One of the very first steps when conducting an SEO audit or preparing for a website redesign is “crawling” (aka “scraping”) the website. Crawling a website can provide crucial information about potential issues and possible areas of improvement.
My personal tool of choice for crawling a website is Screaming Frog. The software is inexpensive, easy to use, and extremely versatile. Through the years I’ve evaluated many other options but I’ve yet to find one that truly competes when all considerations are factored in.
What are the reasons for crawling a website?
There are many different things you can accomplish using Screaming Frog. Below are a few of the uses I find particularly helpful.
- Create a list of all URLs/pages on a website
- Find 302 redirects
- Perform QA for 301 redirect implementations
- Verify Google Analytics is located on every page
- Find broken links (internal and external)
- Find missing meta content and alt attributes
- Find duplicate content
- Find or verify Schema content
- Find malware or spam
- Find slow loading pages
- Create an XML sitemap
- Validate a list of PPC URLs
Again, this is just a small list of the potential uses for crawling a website. There are many more things you can do once you get a full understanding of Screaming Frog’s capabilities.
How do you crawl very large website?
Screaming Frog’s default setup is great for tackling websites with less than 10,000 pages but what do you do when you run into a website like the one below?
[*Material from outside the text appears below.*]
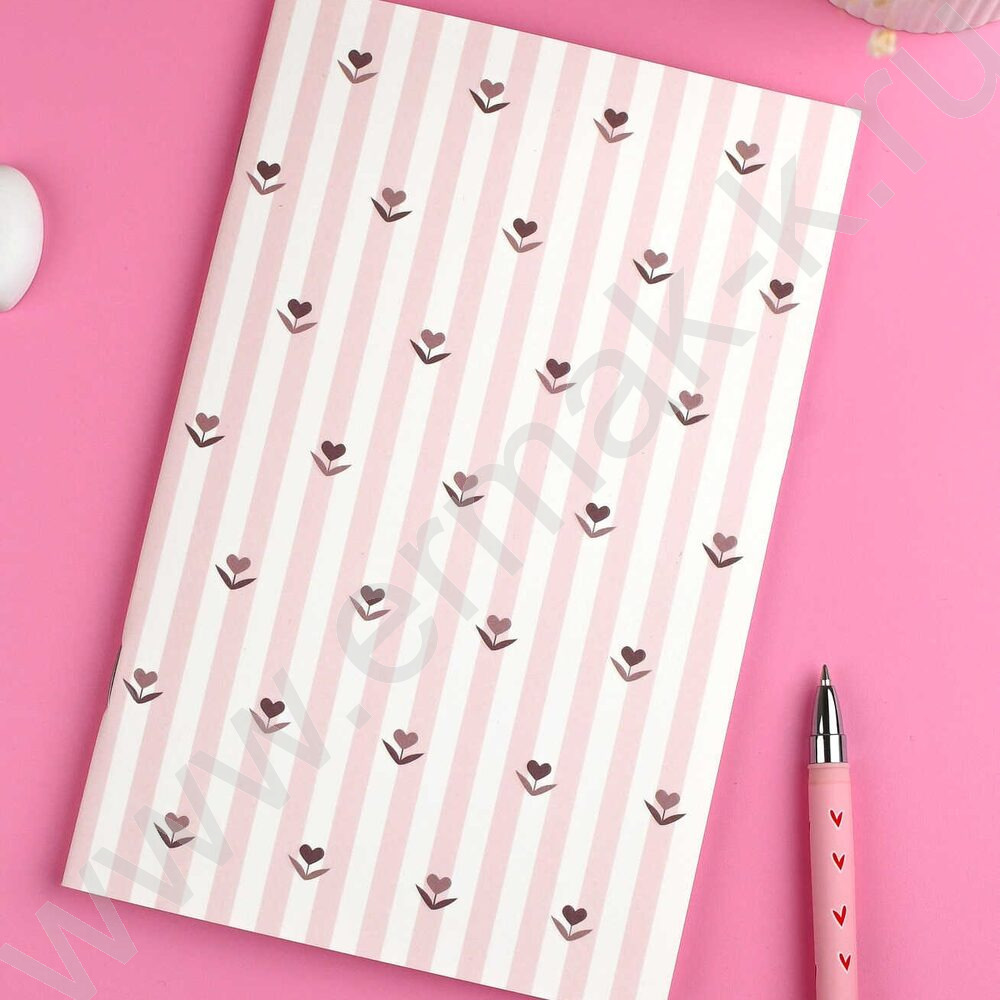 Блокнот 32л 120*185 "Цветочки-сердечки" /клетка, мат.лам., выб. УФ-лак, мягкий переплёт (2 скоб NEW

The website pictured has over 3 million indexed pages which makes crawling it a challenge to say the least. Taking on a website this size requires a handful of important tweaks to Screaming Frog’s configurations. The following is a tutorial for how to setup Screaming Frog to crawl very large websites.
1. Increase Computer RAM
This step is optional but extremely recommended. The Screaming Frog software relies on RAM for holding data during a website crawl. The more RAM your computer has the more pages you can crawl. The good news is RAM has become extremely inexpensive. For most computers an 8 GB memory card costs around $50.
You’ll need to do a little research on how much RAM your computer can hold since it ranges anywhere from 4 GB to over 64 GB. Once you know how much RAM you can add make sure you purchase RAM cards that are compatible with your computer.
Installing RAM usually takes about 30 seconds. All you do is pop off the back of the computer and slide the RAM cards into the available slots. You may want to perform a quick search on YouTube for your computer model + “RAM Upgrade” to find a tutorial for how to perform the process in case there are specific nuances with your computer.
The best part about increasing RAM is it enhances more than just your ability to crawl websites. If you’re like me and you always have an assortment of programs running simultaneously while also bouncing back-and-forth between 1,000 different Chrome tabs you’ll be pleasantly surprised by the improvement in day-to-day computer speed.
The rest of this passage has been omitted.